Data records
>>>

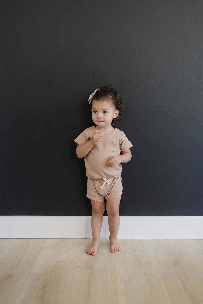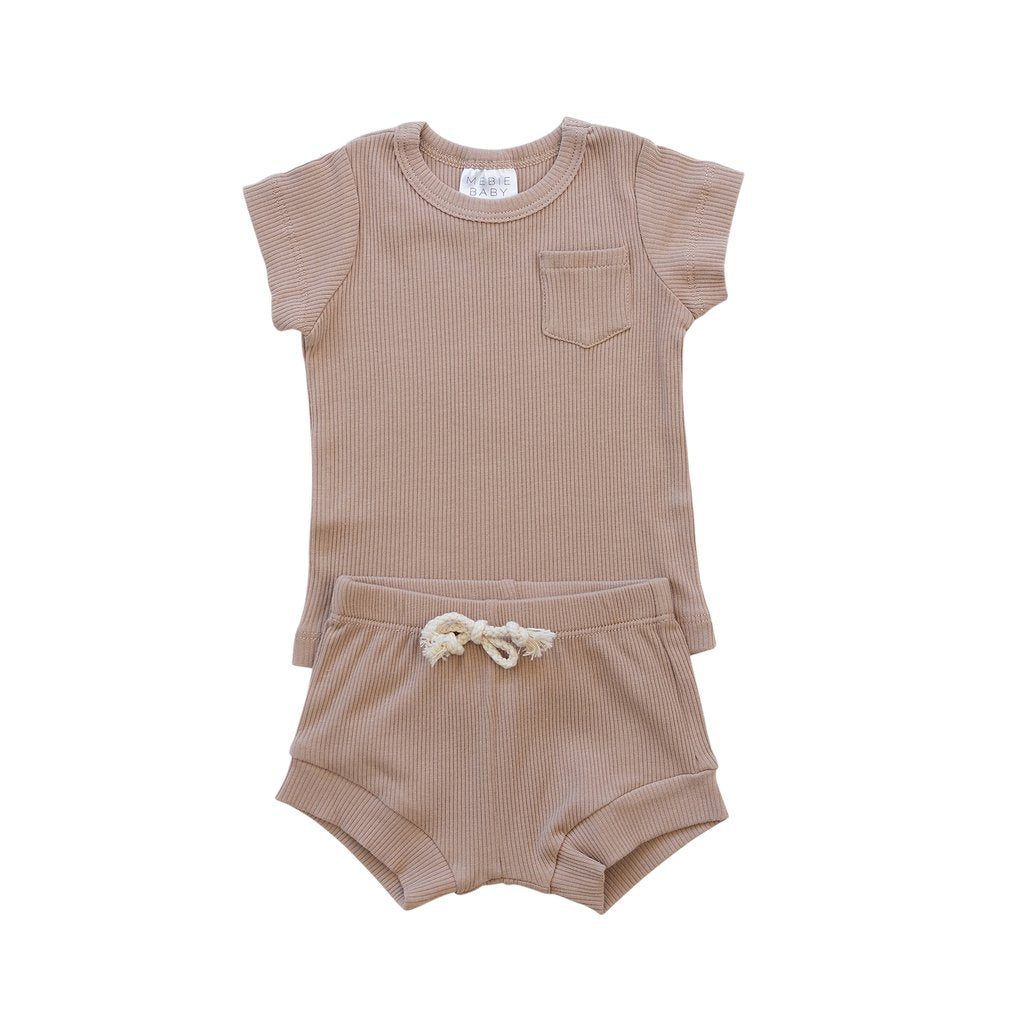 pale pink organic cotton ribbed short set
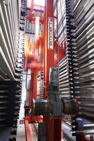 Qualität steht für die Oelschläger-Metalltechnik GmbH an erster Stelle. Jeden Tag fertigt der Büromöbel-Hersteller aus Hoya, Weser eine Vielzahl von unterschiedlichen Produkten mit teils kleinen Losgrößen. Um das hohe Fertigungsniveau auf Dauer zu halten, ist das Unternehmen auf schnelle, flexible und effiziente Produktionsprozesse angewiesen. Gemeinsam mit seinem Partner, der Friedrich Remmert GmbH, stellt OMT daher seine Lagerung und die angeschlossene Fertigung um. Bisher lagern die benötigten Bleche teilweise räumlich getrennt von den Maschinen am Boden oder in Stahlregalen. Um das komplette Material raumoptimiert zu bevorraten und die Produktionsabläufe zu beschleunigen, integriert OMT in den nächsten Monaten nun ein vollautomatisches Remmert-Blechlager. Dieses zeichnet sich durch eine sehr kompakte Bauweise aus: Auf gerade einmal 500 m² kann OMT bis zu 2.300 t Blech bevorraten. Der Fertigungsbetrieb profitiert somit nicht nur von einer Platzersparnis von rund 75 Prozent, sondern steigert auch seine Lagerkapazität erheblich. Um die Bearbeitungsmaschinen von OMT trotz des enormen Lagervolumens optimal zu versorgen, erarbeitete Remmert ein individuelles Lagerkonzept. Dabei stehen die Regaltürme nicht wie üblich parallel zu den Maschinen, sondern um 90 Grad versetzt. Die Versorgung der aktuell fünf angeschlossenen Trumpf-Laseranlagen erfolgt über fünf Auslagerungsstationen. Darüber hinaus verfügt das Lager über eine Einlagerungsstation sowie über drei weitere Auslagerungsstationen, die den Ausbau der Fertigung zu einem späteren Zeitpunkt ermöglichen. Außerdem installiert Remmert an jeder Auslagerungsstation eine Spreizmagnetanlage. Durch die magnetische Kraft des Blechverteilers stoßen sich die Platinen voneinander ab und können so besser vom Stapel abgehoben werden. Anschließend werden sie über eine Handlinghilfe automatisch den Lasern zugeführt.
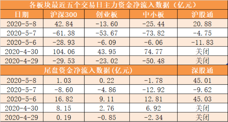 沪深300今日主力资金净流入42.84亿元,创业板净流出13.6亿元,中小板净流出25.44亿元。沪股通净流入20.88亿元,深股通净流入45.01亿元(本文中沪股通、深股通净流入额以当日已用额度来计,与成交净买入额略有差异,但表示的意义大体一致)。
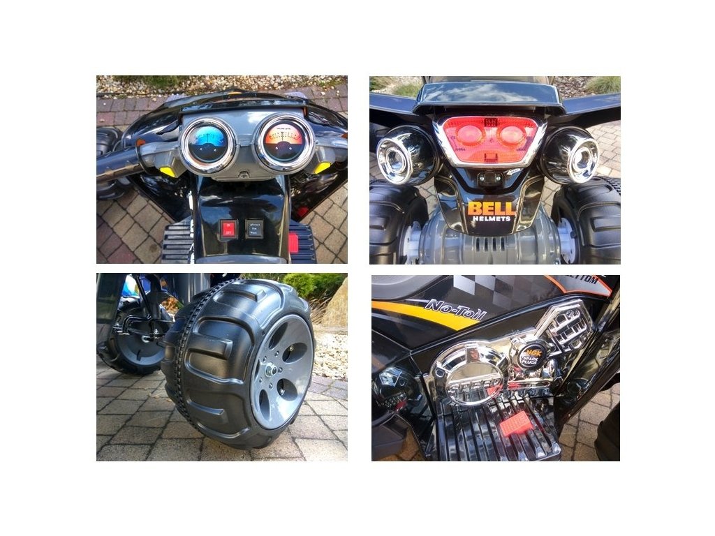 Nová čtyřkolka v černé barvě je poháněna baterií 12V7Ah a motorem 2x45W. Jeep má moderní a divoký design. Má dva rychlostní stupně vzad a vpřed, ale také automatickou brzdu po uvolnění plynového pedálu.
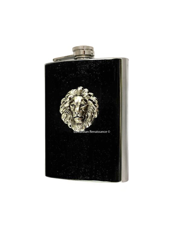 Antique Silver Lion Head Flask Inlaid In Hand Painted Metallic Etsy
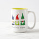 Sju Cute Julgryn på vita Mugg. Text kan vara personlig. Gnomes tar med kärlek, bra förmögenhet och visdom! God Jul!

<<<

PROBLEM DESCRIPTION: When you reach the line that contains "沪深300今日主力资金净流入" in the records above, copy it and every line after it exactly through the last one, leaving out the pictures.

EXERCISE RESPONSE:
 沪深300今日主力资金净流入42.84亿元,创业板净流出13.6亿元,中小板净流出25.44亿元。沪股通净流入20.88亿元,深股通净流入45.01亿元(本文中沪股通、深股通净流入额以当日已用额度来计,与成交净买入额略有差异,但表示的意义大体一致)。
 Nová čtyřkolka v černé barvě je poháněna baterií 12V7Ah a motorem 2x45W. Jeep má moderní a divoký design. Má dva rychlostní stupně vzad a vpřed, ale také automatickou brzdu po uvolnění plynového pedálu.
 Antique Silver Lion Head Flask Inlaid In Hand Painted Metallic Etsy
 Sju Cute Julgryn på vita Mugg. Text kan vara personlig. Gnomes tar med kärlek, bra förmögenhet och visdom! God Jul!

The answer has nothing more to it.